As more ICs incorporate some analog functionality, the demand for analog CMOS design will greatly increase. Not only will the number of new designs increase, but so will the number of legacy designs that must be ported every eight to 12 months to the newest process. In both cases, time-to-market is critical. This comes during a great shortage of experienced analog designers. Predictions abound that analog design will become a critical bottleneck for next-generation system-on-a-chip (SoC) designs.

In the traditional "Spice and tweak" method, the analog designer cycles between modifying a design and simulating. This puts a premium on the analog designer's very scarce time. Although sizing a circuit to meet specifications can be challenging and interesting, it can become drudgery. The traditional method requires a great deal of analog design experience, a reasonable starting design, and sometimes just luck.
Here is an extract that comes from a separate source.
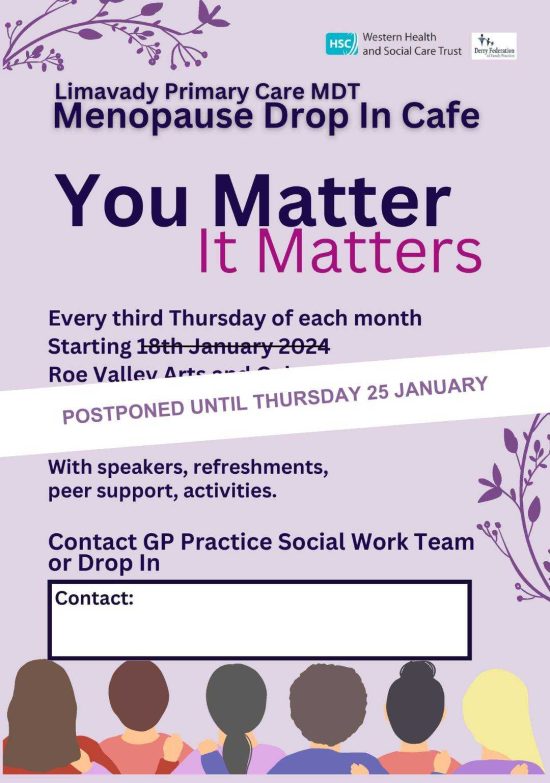 The Limavady Primary Care Menopause Drop In Cafe is NOW POSTPONED to Thursday 25 January due to the adverse weather conditions.

It won't be able to keep pace with the coming demand for analog circuit design.

Several efforts are under way to develop computer-aided analog design and synthesis methods to meet the rising challenge. While many have been developed, none is widely accepted. One group is based on automating the Spice and tweak cycle, replacing the analog designer with an optimization engine, such as simulated annealing. This is slow, needs a reasonable starting design, and requires an experienced analog designer to babysit to ensure that the optimization routine isn't jammed, to select a new topology, and so on. For many designers working under tight schedules, a "reasonable starting design" is good enough, so "Spice and tweak" is an unnecessary luxury.

Another "equation-based" group of methods formulate the design problem using simple equations to describe device models and constraints. These can be fast, as the equations are easier to evaluate than a whole Spice run. But they suffer from low accuracy, so the designs still require much hand-tweaking after the optimization process.

Intuition suggests a natural tradeoff between simplified, highly approximate models (simple equations), resulting in easy to solve optimization problems, and sophisticated, accurate models (Spice), resulting in very difficult optimization problems. In the first case, one gets fast results that might not be accurate. Accurate results are achieved with the other, but the optimization phase is very slow and requires much babysitting. Either way, a lot of analog design time and effort is required.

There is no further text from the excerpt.